VR Track’s labour negotiations continue, even as the Finnish Electrical Workers’ Union members returned to work when the strike ended Friday evening.
“Saturday work continued as normal and the strike caused no disruption to train scheduling,” says Tuomas Aatro, Deputy Director General at the Finnish Service Sector Employers' Union known as PALTA.
Yet industrial action is not over. Union branch number 177 has announced that the next employee strike is scheduled to begin on July 26 and will continue until July 30. In a show of solidarity, other unions are expected to join in the last day of striking.
Employer representatives are not optimistic about reaching a satisfactory conclusion anytime soon.
“Finding some kind of agreement would require a reconsideration of the union branch demands,” says PALTA’s Aatro.
Aarto says it is possible that the dispute can be solved in a conciliatory fashion, but no official mediating meetings have been arranged. For the time being, he says there are no prerequisites for reserving a time to sit down with a state-appointed labour mediator.
The Finnish State Railways VR has grown tired of the repeated striking and has introduced a three-week lockout at VR Track, beginning July 31.
“In practice, this means that workers’ pay will be suspended for three weeks,” says Aatro.
PALTA’s lockout affects all electricians that are members of the Electrical Workers’ Union and branch number 177.
Installation specialists want in on Electrical Union’s collective agreement
Branch 177 of the Finnish Electrical Workers’ Union, known as the Rail Transport Electricity, Telecommunications and Safety Professionals Association, has arranged several labour strikes throughout the summer.
“It is simply a matter of shop steward rights. Upcoming layoffs also play a significant part,” says Union Chair Petri Tamminen.

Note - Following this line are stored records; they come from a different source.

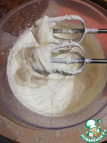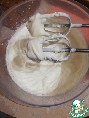 Затем добавить сахар и взбить массу до побеления и увеличения в объёме в несколько раз. Обычно это занимает 10-15мин минут в зависимости от мощности миксера.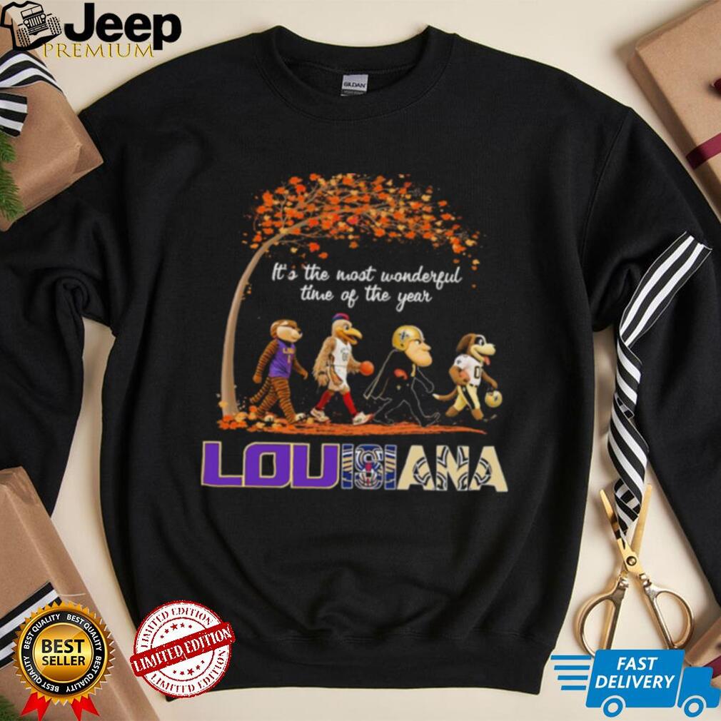 Searching for that perfect gift for the ultimate Louisiana sports fanatic in your life? This “Mascot Abbey Road It’s The Most Wonderful Time Of The Year” shirt is a guaranteed touchdown. It’s a thoughtful, engaging, and uniquely Louisiana-centric present that speaks directly to their passion for their beloved teams and their vibrant state. Whether it’s for a birthday, the festive holiday season (truly “the most wonderful time of the year” for gifting!), or just a meaningful gesture to acknowledge their unwavering loyalty, this shirt is bound to be a cherished item. It transcends typical fan gear, offering a creative and unifying artistic take on their devotion. This isn’t just fabric and ink; it’s an experience, a conversation starter at any tailgate, game watch party, or casual gathering. It embodies the essence of Louisiana sports culture in a single, stylish, and deeply personal garment. Personal testimonials from recipients of similar multi-team mascot apparel highlight the joy and appreciation they feel for such a unique and inclusive tribute to their state’s sports scene. It truly makes a powerful statement about what it means to be a Louisiana sports fan, through and through, representing the resilience and passion of the Bayou State.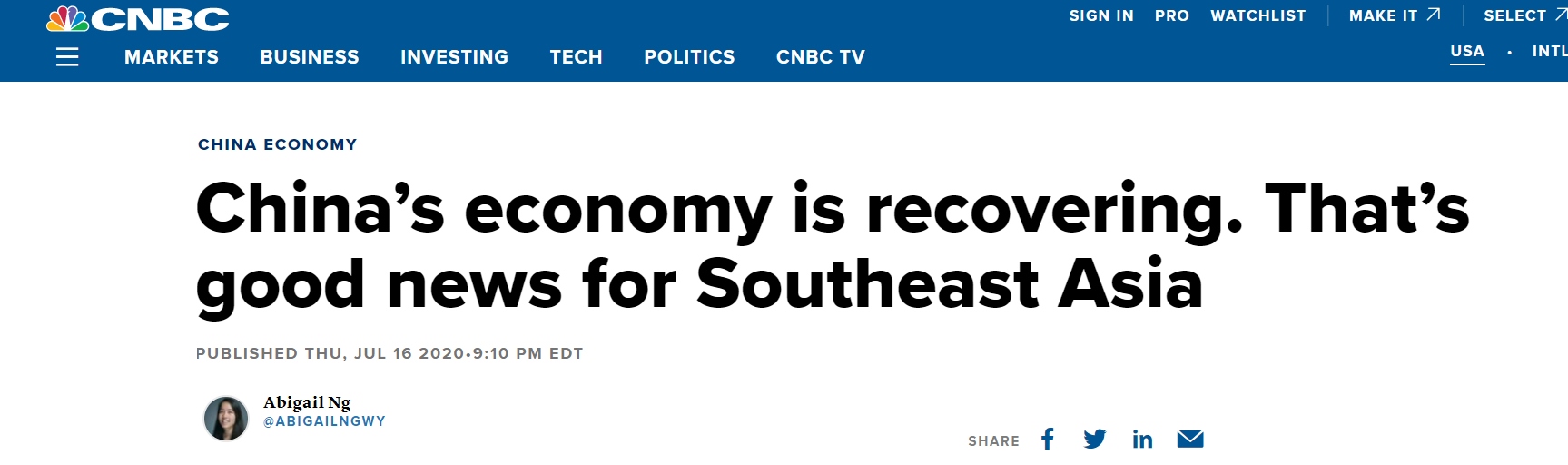 美國消費(fèi)者新聞與商業(yè)頻道(CNBC)17日發(fā)表文章,題為《中國經(jīng)濟(jì)正在復(fù)蘇,這對東南亞是個好消息》。文中指出,作為東盟出口商品最多的國家,中國經(jīng)濟(jì)穩(wěn)步增長成為東南亞國家“關(guān)鍵資產(chǎn)”。“盡管還有許多挑戰(zhàn),這一增長重新點(diǎn)燃了中國經(jīng)濟(jì)可以幫助其他國家復(fù)蘇的希望”,華僑銀行(OCBC Bank)經(jīng)濟(jì)學(xué)家維蘭托(Wellian Wiranto)16日表示。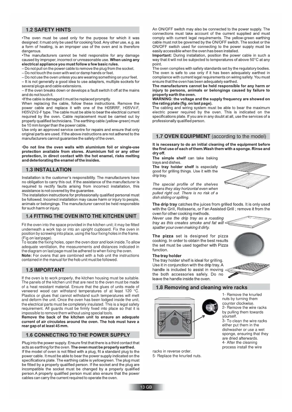 1.7 OVEN EQUIPMENT (according to the model)

Tamminen says the dispute is about letting electric installation specialists enjoy the same working conditions as workers under the Electrical Workers’ Union collective agreement. This way, workers would receive their own shop stewards who would represent them in future labour negotiations. Currently VR Track's electrical installation specialists come under existing labour agreements for railway workers.
VR says railway sector labour agreements are traditionally negotiated by JHL, the Trade Union for the Public and Welfare Sectors, and sees no justification for changing this practice.